QUOTE(jasminteddybear @ Jan 1 2015, 08:40 PM)
I attended a talk from some gst expert. What they said was just surface infor correct me if I am wrong. He mentioned that GST would depend very much if you are a registrant or not. If you are not a registrant the other person don't need to pay tax. But if A registrant deals with another registrant then it would be subjected to GST on the property pricing. It doesn't matter if it is a commercial or residential.
Yup, you are right. If both are not registrants, they indeed cannot charge GST as they are not eligible to collect taxes.
However, if one is registrant, he have to charge GST to the next-level, regardless if the next-level is a registrant or not (except for zero-rated goods or exempted supplies).

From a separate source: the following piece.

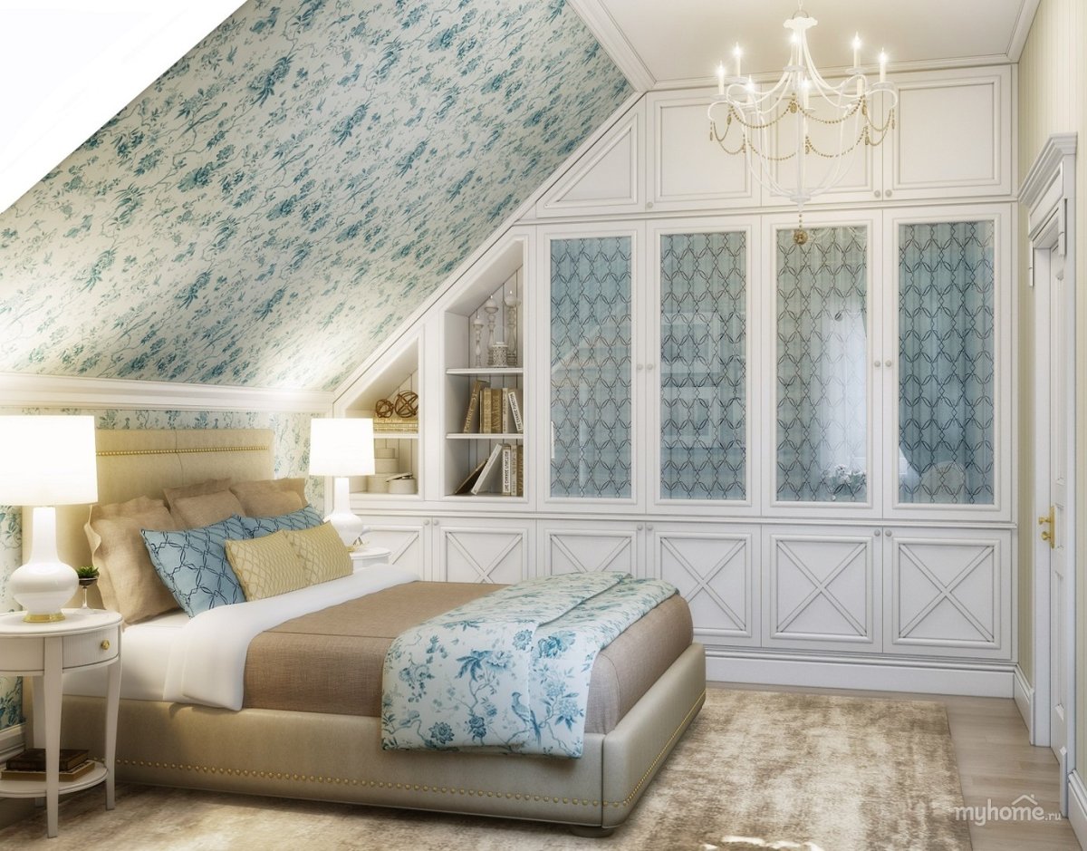 49. Спальня с мансардным потолком

If one is not registrant, he is not entitled to claim
input tax charged by his supplier (if the supplier is GST registrant and charges him GST). Note that my example belows are the cost of construction or materials, not the final property itself. The final property cannot be charged with GST (exempted supplies)
However, in residential case, I believe there will be no differences because even if the developer or sub-con is a GST registrant, he will be charged Input Tax (tax charged on him when he purchases raw construction materials / services); but he cannot charge the Tax on the next-consumer (i.e. buyers), as Residential property is exempted from GST.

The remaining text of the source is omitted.